以下、新しい論点も含めて、論点ごとに主張する。

2. 憲法13条違反について
憲法13条に述べられた個人の生命、自由、幸福追求の権利は、混合診療における被保険者の保険受給権につながるものである。しかも混合診療における保険受給権の請求は、公共の福祉に反するものでは決してない。私は、手術後、骨に転移した腎臓がんの治療で、主治医から手術も抗がん剤も使えず、放射線治療後はインターフェロンという保険治療とLAK(活性化自己リンパ球移入療法)という保険外治療の二つの免疫治療しかないといわれ、その併用治療を選んだ。いずれの治療も安全性の高い科学的治療である。これらの治療を受けることが公共の福祉に反するとは考えられない。医療として禁じられているものを選んだわけではないのである。

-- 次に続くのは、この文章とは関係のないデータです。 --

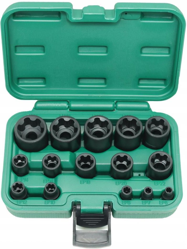 Nasadki E-Torx plus 1/4 3/8 1/2 15el JonneswayProfesjonalny zestaw nasadek E-Torx Plus marki Jonnesway to niezawodne narzędzie dla mechaników, serwisantów i majsterkowiczów, przeznaczone do pracy z nowoczesnymi połączeniami typu E-Torx (zewnętrzny Torx Plus), często spotykanymi w motoryzacji (szczególnie w autach marek: BMW, Mercedes, Opel, Ford), przemyśle i elektronice.Specyfikacja techniczna: Typ nasadek: E-Torx Plus (zewnętrzne) Ilość elementów: 15 sztuk Rozmiary i mocowania: 1/4": E4, E5, E6 3/8": E7, E8, E10, E12, E14 1/2": E16, E18, E20, E22, E24 Materiał wykonania: stal chromowo-wanadowa (CrV) – wytrzymała, odporna na zużycie Powierzchnia: matowa, satynowa lub chromowana (zależnie od partii) Opakowanie: solidna kaseta / organizer z tworzywa sztucznego lub metalowa walizkaZalety produktu: Kompletny zestaw 15 nasadek – od najmniejszych do największych rozmiarów Trzy rodzaje mocowań – do większości popularnych grzechotek Wysoka jakość Jonnesway – narzędzia klasy profesjonalnej Dokładne dopasowanie – zapobiega ślizganiu i uszkodzeniom śrub Torx Czytelne oznaczenia rozmiarów na każdej nasadce Poręczne etui – łatwe przechowywanie i transportZastosowanie: Motoryzacja – prace serwisowe, demontaż silników, zawieszeń Mechanika precyzyjna – urządzenia przemysłowe, elektronika Warsztaty samochodowe i serwisy ASO Prace domowe i garażowe – amatorskie i profesjonalne

ところが、混合診療によって保険受給権を奪う政策は、患者である私に残されたわずかな治療の道を断つものとなる。それは主治医と協議して選び、決定した治療の選択権、自己決定権を奪われるということである。なぜなら、その政策により、私は混合診療を続けるなら、保険の給付は一切受けられず、すべての医療費は全額自己負担となるからである。保険診療の7割に相当する保険給付分を止められては家計が持たない。また保険医療機関である病院は、保険外治療を行うことができなくなる。施術すれば保険指定を取り消されるからである。患者がいくら切望しても病院は治療ができない。

以上述べたように、公共の福祉に反する行為でもないのに、自分の生命を維持し、幸福を追求するために、最後の治療に一縷の望みを託して保険外治療を選び、決定する自由と権利を患者に認めない政策、そしてその政策の根拠法となっている健保法の解釈は、憲法13条を侵害しているものであるし、そのような解釈以外採りえないのなら、健保法の規定が違憲だといわざるを得ない。